# gph vs tank size



## selfinfliction (Dec 8, 2008)

is there a chart somewhere or does anyone know the general vicinity of how many gph is needed for a 29 gallon tank? I've seen crazy estimates from 55gph all the way to 200gph.

any help would be appreciated, as i don't want to create a pond or a white water tank


----------



## emc7 (Jul 23, 2005)

Typical recommendations range from 4 to 10 turnovers (multiple of tanks size) per hour, so 117 to 290 gph. The eheim canister filters recommend less than 4X, but expect a planted tank. You'd use the high end for cichlids or goldfish. What are you putting in it?


----------



## selfinfliction (Dec 8, 2008)

not sure what is going in it, something that's not too high maintenance. I absolutely loved the last salt tank I had, but man those things were alot of work


----------



## COM (Mar 15, 2008)

Okay, for ANY size tank, you can use this formula:

Total Rated Gallons Per Hour of Filtration /
(divided by)
Gallons

= Turns per hour

I suggest that you try to keep your turns betweeen 7.5 and 15 depending on how high you want your stocking levels to be. I like to go pretty heavy myself.


----------



## lohachata (Jan 27, 2006)

the standard turnover rate is 10..so for your 29 gallon tank,you would need 290 GPH..or close to it.although i do have one tank that is running on a turnover rate in excess of 20..


----------



## selfinfliction (Dec 8, 2008)

thanks for clearing that up everyone 

on a 290 gallon pump, that seems way too big to me. those are listed for 100g+ tanks


----------



## jones57742 (Sep 8, 2007)

selfinfliction said:


> thanks for clearing that up everyone
> 
> on a 290 gallon pump, that seems way too big to me. those are listed for 100g+ tanks


si:

I believe that you are actually discussing the flow associated with a cannister or HOB filter and not a pump.

What you are running into is that the manufacturers must sell filters to make a living whereas we must use filters in order to enjoy fish keeping.

The rated flows which you are reading are probably based on zero external heads and no media or media baskets in the filters.
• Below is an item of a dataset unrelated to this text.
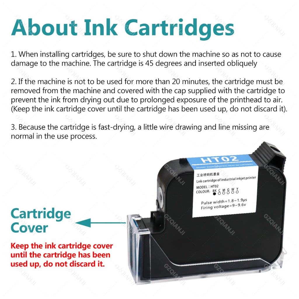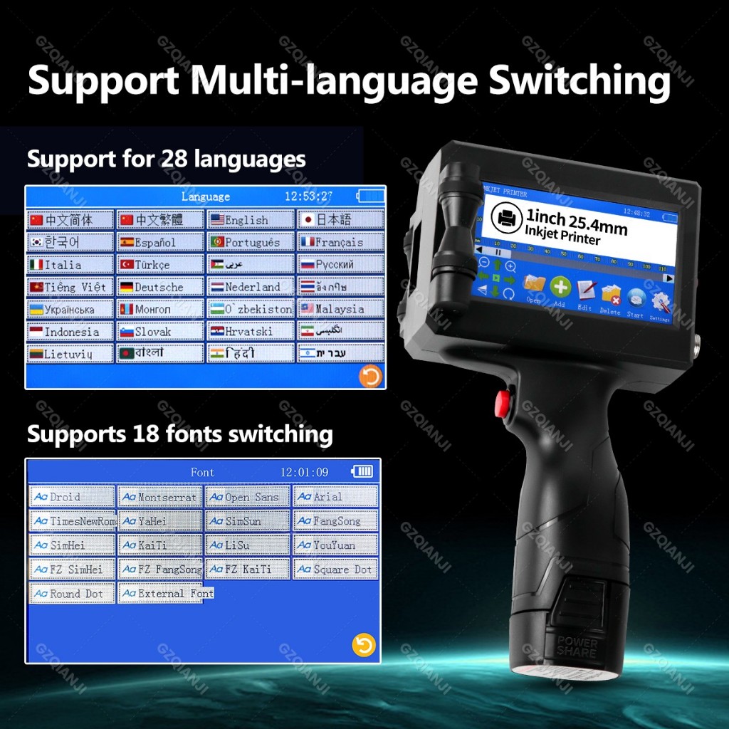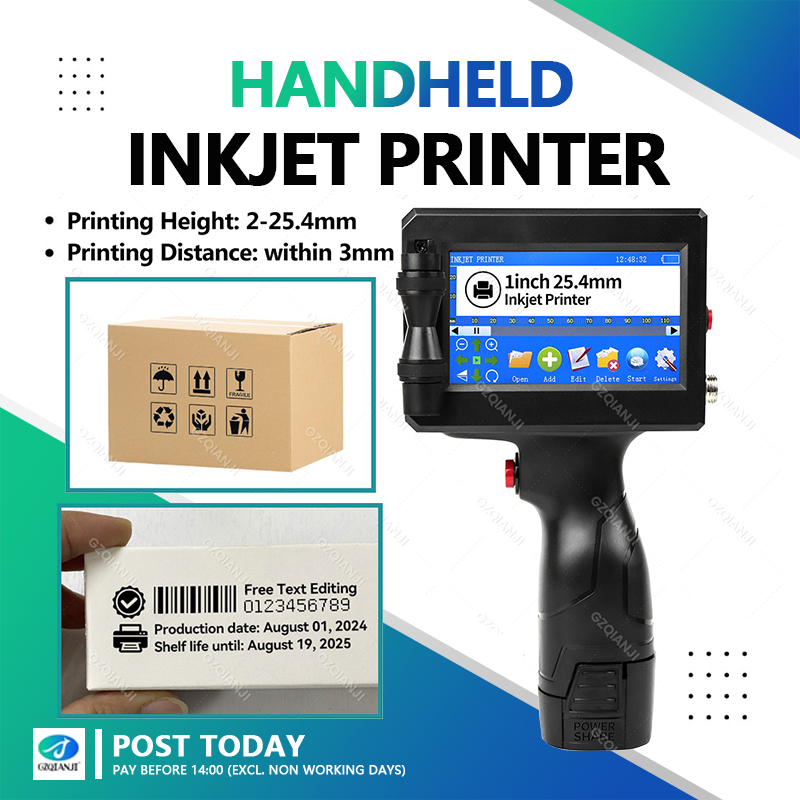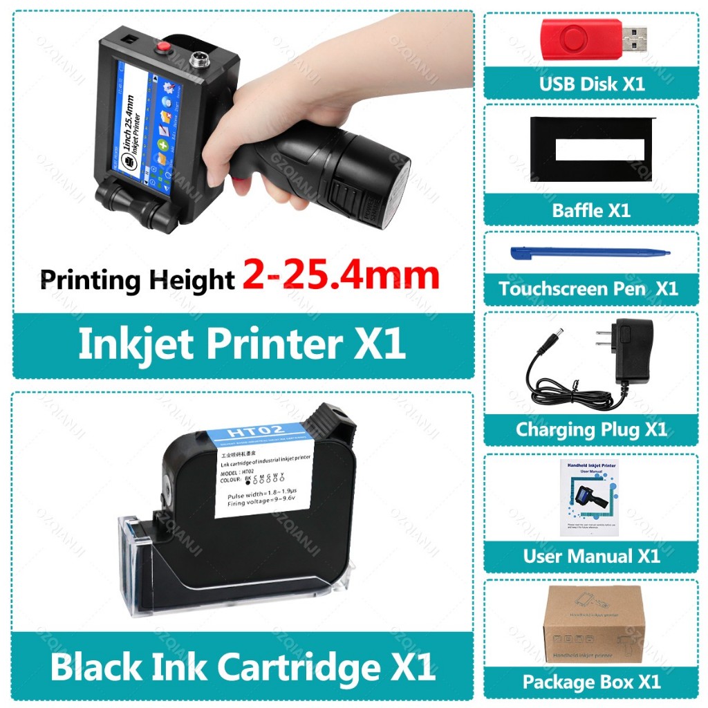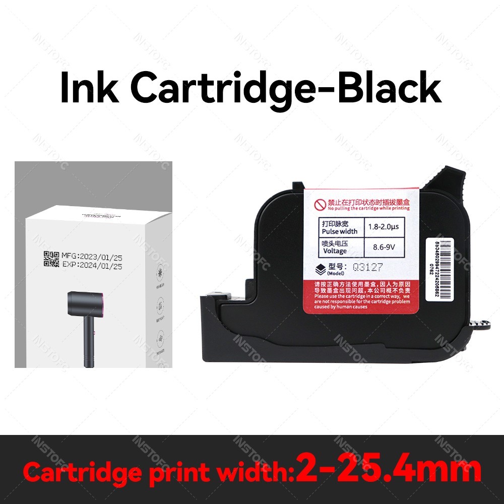 Handheld Inkjet Printer 25.4mm Black Quick Dry Cartridge Batch Date Number Logo Time Date Coding

In real world conditions you will probably experience only like 50% to 60% of the manufacturer's rated flow.

TR


----------



## selfinfliction (Dec 8, 2008)

ah ok thanks for clearing that up, makes perfect sense now.


----------



## selfinfliction (Dec 8, 2008)

after doing some more research, i was about to buy a jebo filter cause they were big and cheap, but then i found an auction for a fluval 205, for $79 shipped new on ebay so I went with it.

now back off to find a dang inline heater. not sure if 100w will work or if it needs to be bigger cause the tank will be in a cool room during the daytime

nix that, found a 200w and went with it just to be safe


----------